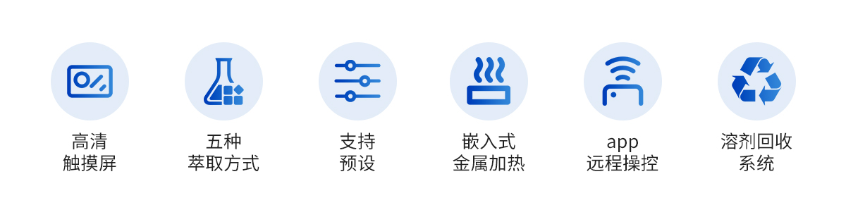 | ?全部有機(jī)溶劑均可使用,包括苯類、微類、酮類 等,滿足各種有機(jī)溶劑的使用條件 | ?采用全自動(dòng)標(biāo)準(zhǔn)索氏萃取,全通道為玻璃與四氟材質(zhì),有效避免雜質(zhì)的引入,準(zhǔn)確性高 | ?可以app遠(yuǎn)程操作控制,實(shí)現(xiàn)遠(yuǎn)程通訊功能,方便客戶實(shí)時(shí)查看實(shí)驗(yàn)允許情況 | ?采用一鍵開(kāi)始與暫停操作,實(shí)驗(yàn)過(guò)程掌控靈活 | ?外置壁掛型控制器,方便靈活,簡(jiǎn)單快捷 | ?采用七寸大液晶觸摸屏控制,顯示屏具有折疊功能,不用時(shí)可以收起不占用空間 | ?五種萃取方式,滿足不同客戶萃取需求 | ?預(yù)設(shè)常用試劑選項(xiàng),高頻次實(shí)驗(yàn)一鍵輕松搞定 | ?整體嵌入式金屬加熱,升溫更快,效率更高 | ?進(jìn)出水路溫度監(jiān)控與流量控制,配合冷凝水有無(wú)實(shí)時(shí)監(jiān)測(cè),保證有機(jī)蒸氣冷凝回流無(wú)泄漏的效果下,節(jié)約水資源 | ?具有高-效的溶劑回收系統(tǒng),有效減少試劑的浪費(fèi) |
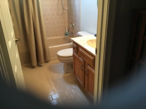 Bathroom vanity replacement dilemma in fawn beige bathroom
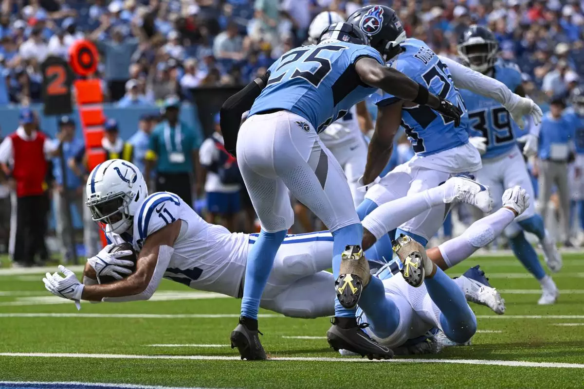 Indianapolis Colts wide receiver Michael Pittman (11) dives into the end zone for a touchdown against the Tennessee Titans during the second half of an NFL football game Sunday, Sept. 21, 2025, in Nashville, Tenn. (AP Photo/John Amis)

==

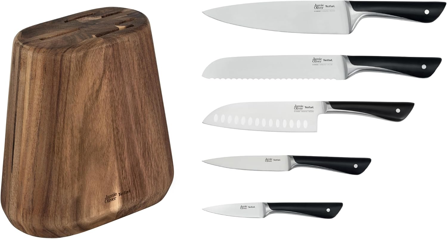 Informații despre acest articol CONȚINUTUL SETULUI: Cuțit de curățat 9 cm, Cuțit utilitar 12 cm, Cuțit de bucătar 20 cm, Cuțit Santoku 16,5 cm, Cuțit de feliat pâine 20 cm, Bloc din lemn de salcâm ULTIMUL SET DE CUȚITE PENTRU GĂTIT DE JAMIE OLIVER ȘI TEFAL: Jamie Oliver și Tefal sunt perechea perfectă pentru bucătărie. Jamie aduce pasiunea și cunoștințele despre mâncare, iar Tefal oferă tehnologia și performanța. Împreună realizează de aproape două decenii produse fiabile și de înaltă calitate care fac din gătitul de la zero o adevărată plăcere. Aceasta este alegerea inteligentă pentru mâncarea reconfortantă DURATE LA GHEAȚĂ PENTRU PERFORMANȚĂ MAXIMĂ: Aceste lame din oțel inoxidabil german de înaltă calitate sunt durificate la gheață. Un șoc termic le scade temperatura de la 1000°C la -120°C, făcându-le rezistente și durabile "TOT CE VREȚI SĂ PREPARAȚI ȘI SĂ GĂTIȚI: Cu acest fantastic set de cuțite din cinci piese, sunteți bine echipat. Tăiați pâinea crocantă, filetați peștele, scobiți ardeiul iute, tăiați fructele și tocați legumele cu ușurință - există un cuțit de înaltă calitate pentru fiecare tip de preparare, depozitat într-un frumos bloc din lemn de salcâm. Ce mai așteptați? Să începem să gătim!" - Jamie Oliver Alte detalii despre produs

==

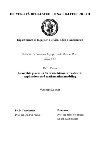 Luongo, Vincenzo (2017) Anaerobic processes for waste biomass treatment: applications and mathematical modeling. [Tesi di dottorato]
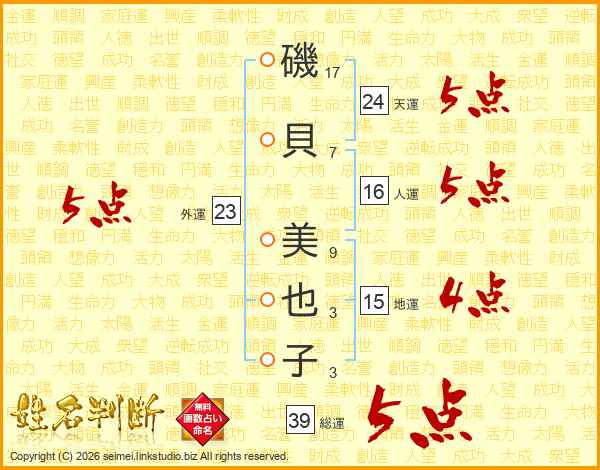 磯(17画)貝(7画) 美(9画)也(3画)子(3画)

> _What you should do_
All pictures are to be skipped. Output, word for word, the lines in the data above starting at the line containing "Luongo, Vincenzo (2017)" and ending at the line containing "磯(17画)貝(7画) 美(9画)也(3画)子(3画)".

> _Task output_
 Luongo, Vincenzo (2017) Anaerobic processes for waste biomass treatment: applications and mathematical modeling. [Tesi di dottorato]
 磯(17画)貝(7画) 美(9画)也(3画)子(3画)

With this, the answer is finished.